Suddenly, he found himself in a store he hadn't visited in years-since his teenage days, to be exact. He felt thirsty, craving one of those sodas he used to get there all the time. He started looking for it in the coolers, but they weren't there. Instead, he found four doors, each in a different color: yellow, red, and blue. He clicked his tongue. He didn't want to go through any of them. He turned around to leave the store, but the place had turned into an ethereal force field.
"I hate these dreams!" he exclaimed as he turned back to face the doors. He examined them and, after a minute, figured out the obvious. He let out a deep sigh.
"It's not fair that you get two colors," he muttered, opening the blue door.
"It's not my fault," said Satoru, appearing through it. "You know that."
"What are you doing here?"
Satoru shrugged.
"It's your subconscious, bangs."
Suguru looked at him for a moment. The Satoru in his dream looked exactly as he had almost ten years ago. Slightly longer, fluffier hair, the school uniform, and his ever-present glasses. He laughed. He'd been thinking about his teenage years a lot lately, so this made sense.
"Why do you look like a kid?"
"'Like a kid?!"
Suguru burst out laughing.
"You know what I mean."
Satoru pulled a piece of candy from his pocket and began chewing it.
"I think it's because of the door color."
Suguru glanced at the doors again, then raised an eyebrow.
"Who's behind the yellow one?"
"You, if you hadn't killed all those people. Wanna see?"
Suguru scoffed, then shook his head.
"Not interested."
"You scared, bangs?"
Geto moved away from Satoru and stood beside the red door. He put his hand on the doorknob and smiled flirtatiously.
"I assume behind this one is you in that annoying mummy getup."
Satoru laughed and offered him another candy.
"You love it. Admit it."
"Uh-huh."
Gojo got close, their noses almost touching. Suguru swallowed. He knew this was a dream, but even so, he couldn't shake the guilt he felt getting aroused by a fifteen-year-old kid.
"You love all my versions," Satoru whispered, bringing his hand down toward Suguru's crotch.
"Okay, okay, if this is gonna be one of those dreams, I'll take the mummy!" Suguru blurted, moving away and cracking open the red door.
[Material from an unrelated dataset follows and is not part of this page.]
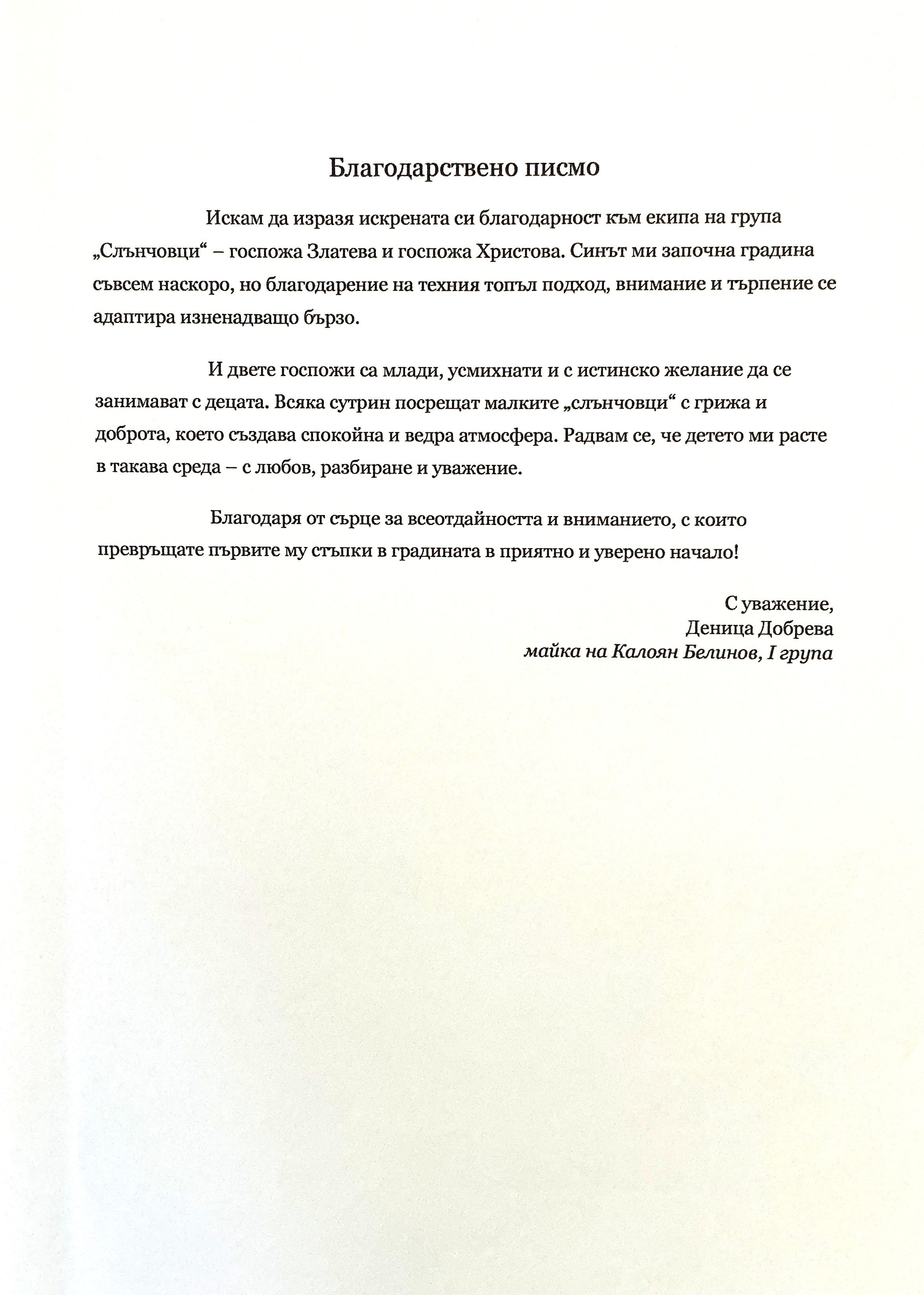 3. Благодарствено писмо към екипа на група "Слънчовци"

"Too late to change your mind," Satoru replied, looking over his glasses.
"What do you mean?"
"I mean if you open it, you get neither. Know why?"
Suguru sighed. He already knew the answer.
"Because blue and red make purple."
"Bingo! And what's behind the purple door?"
As soon as he said this, a fourth door appeared. Suguru's heart began to pound, a nearly paralyzing fear creeping over him.
"I don't know..."
"Nah, you know, Suguru."
Geto didn't answer. He backed away from Satoru, desperately searching for an escape.
"I want to wake up."
Satoru walked over, grabbed him by the neck, and pulled him toward the door.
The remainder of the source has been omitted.